Since its inception, the CCRF has funded 24 grants, providing seed money to help young researchers get their projects out of the lab and into clinical trials. One leukemia breakthrough was cited in the prestigious New England Journal of Medicine. The CCRF has also funded a playroom at the Los Angeles Ronald McDonald House, a play therapy assistant position at UCLA Medical Center and a summer school program for young UC San Diego Medical Center patients.

“Matti is an amazing person as far as the ideas she comes up with,” says Dr. Stuart E. Siegel, vice chairman of the department of pediatrics at USC School of Medicine, head of the hematology-oncology division at Childrens Hospital and chairman of CCRF’s national medical advisory board. “I see her at events, or in the playroom, and she radiates positive energy. The kids can read that and respond to it. She can get them motivated to do just about anything. That same energy is what characterizes her involvement with different projects.”

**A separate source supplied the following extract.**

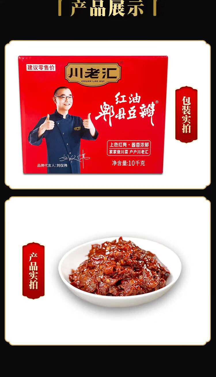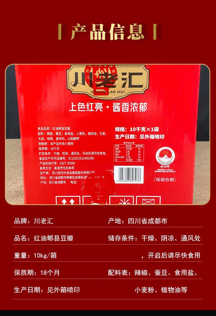 川老汇红油郫县豆瓣10kg箱餐饮商用郫县豆瓣加细免剁调味豆瓣酱10 10kg箱
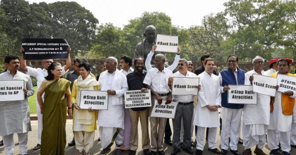 IMAGE: Leaders of various Opposition parties, including United Progressive Alliance Chairperson Sonia Gandhi and Congress President Rahul Gandhi, protest outside Parliament against the government's alleged anti-Dalit policies. Photograph: Kamal Singh/PTI Photo

One such child was Jonathan De Young of Covina, who was 8 in 1993 when Contopulos made it possible for him to be a California Angels bat boy for a day and to ride on a Hollywood Christmas Parade float. He died the next year. Says his mother, Dody, “He and Matti clicked. She’s such a warm person. That she still remembers us and is involved with us after we lost Jonathan is remarkable.”

Perhaps the most poignant testament to Contopulos comes from Jonathan himself. At his request, he was buried in his Angels uniform.